Photo Andrew Weber, USA Today

Un protocole suivi à la lettre

Lorsque Jamaal Charles a subi une commotion cérébrale au début du match de samedi à Indianapolis, on a probablement tous cru que c'en était fait des Chiefs. Sans son as porteur de ballon à ses côtés, Alex Smith peinerait à garder son équipe dans le match.

Au contraire. Smith a lancé 4 passes de touché et a permis aux Chiefs d'inscrire 44 points. C'est plutôt la défense des Chiefs qui n'a pas fait le travail. Excellente en première moitié de saison, l'unité du coordonnateur Bob Sutton a été lamentable dans les 30 dernières minutes de jeu contre les Colts d'Indianapolis.

Charles n'est d'ailleurs pas le seul joueur qui n'est pas revenu au jeu après avoir été victime d'une commotion cérébrale en première ronde des séries. Keenan Lewis, de loin le meilleur demi de coin des Saints, voulait manifestement retourner sur le terrain, mais le médecin du club en a décidé autrement.

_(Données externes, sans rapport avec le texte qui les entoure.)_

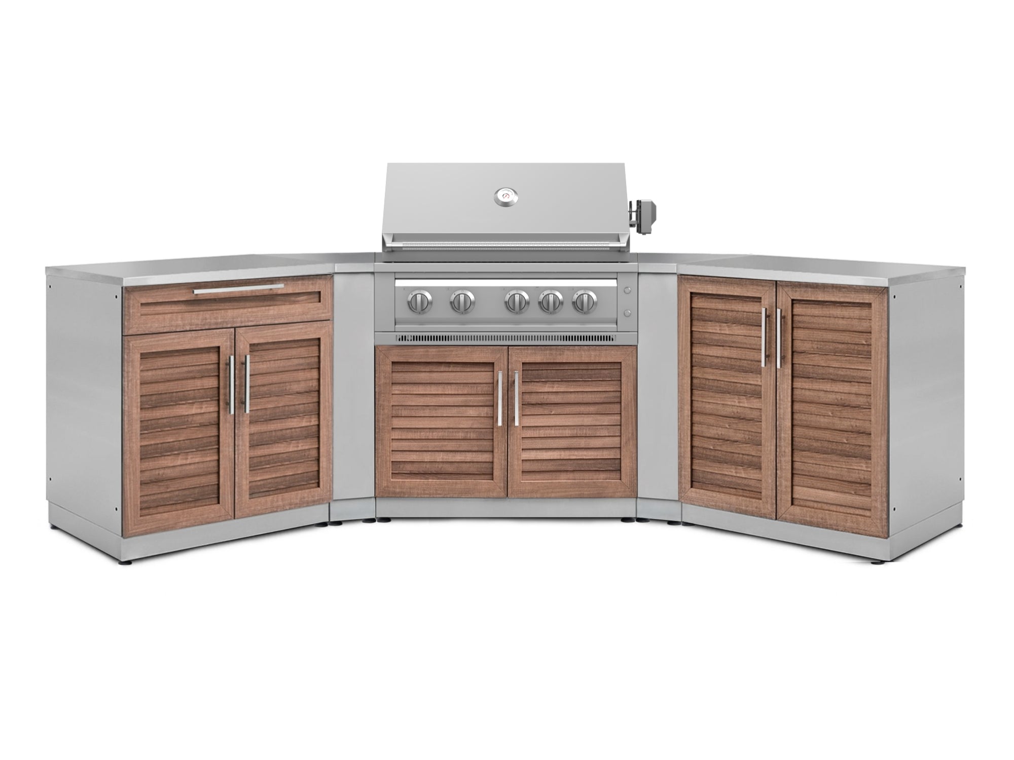NewAge Outdoor Kitchens Stainless Steel 7-Piece Cabinet Set with 2 Door, Bar, Corner, Grill Cabinet, Platinum Grill, and Countertops
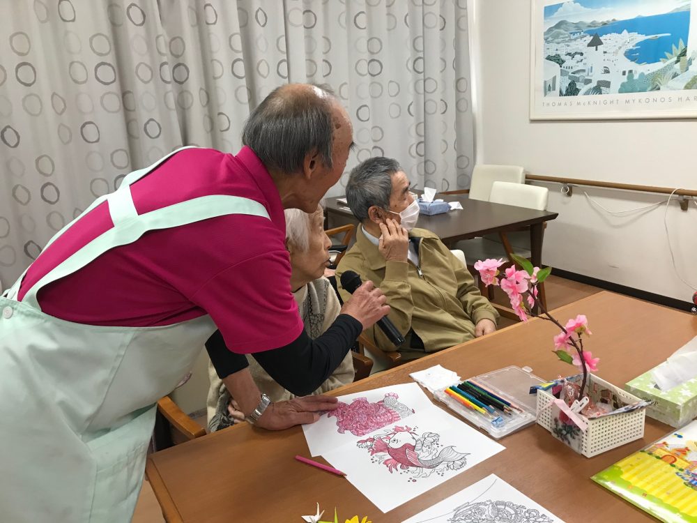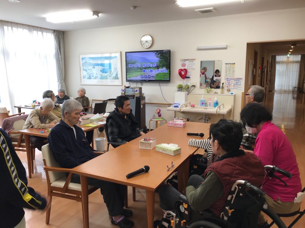 今日もおやつを食べ終わると恒例になっているカラオケ大会が始まりました~(^^)/やはりここはI様・U様がスタートを飾ります。
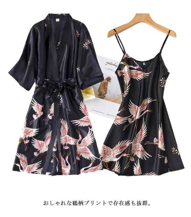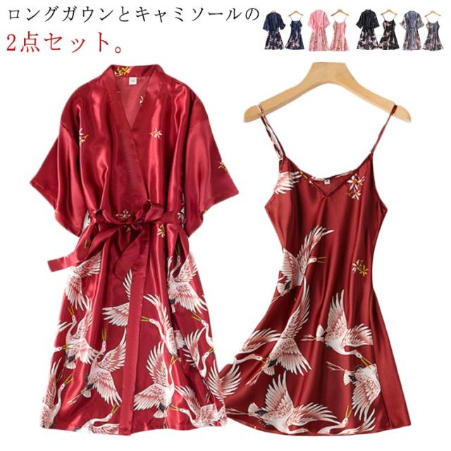ネグリジェ パジャマ ルームウェア アイスシルク サテン調 前開き ナイトウエア ロングキャミソール付き 2点セット Vネック ロングガウン 鶴柄 春秋夏 可愛い セクシー 母の日 ギフト
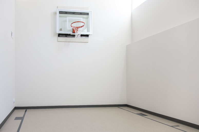 - Indoor 2-Story Sport Center featuring durable VCT flooring, a basketball hoop, and painted game lines, complete with dedicated ball storage closet.
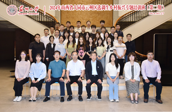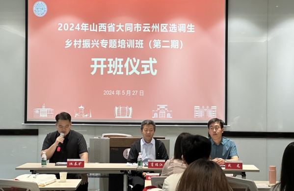 5月27日,2024年山西省大同市云州区选调生乡村振兴专题培训班(第二期)在我校顺利开班。来自大同市云州区的34位领导干部参加了本次培训。云州区委组织部副部长、老干部局局长肖瑞江,苏州大学管理培训学院副院长成龙出席了开班仪式。

Les médecins doivent prendre des décisions qui déplaisent à leur équipe. Avez-vous vu le regard de Drew Brees lorsqu'il a croisé le médecin des Saints, qui tentait d'expliquer à Lewis que sa soirée de travail était terminée?

La pression sur les médecins est forte, mais ils suivent le protocole des commotions cérébrales à la lettre, même si cela peut coûter la victoire à leur équipe. C'est un pas dans la bonne direction dans la lutte contre les commotions cérébrales.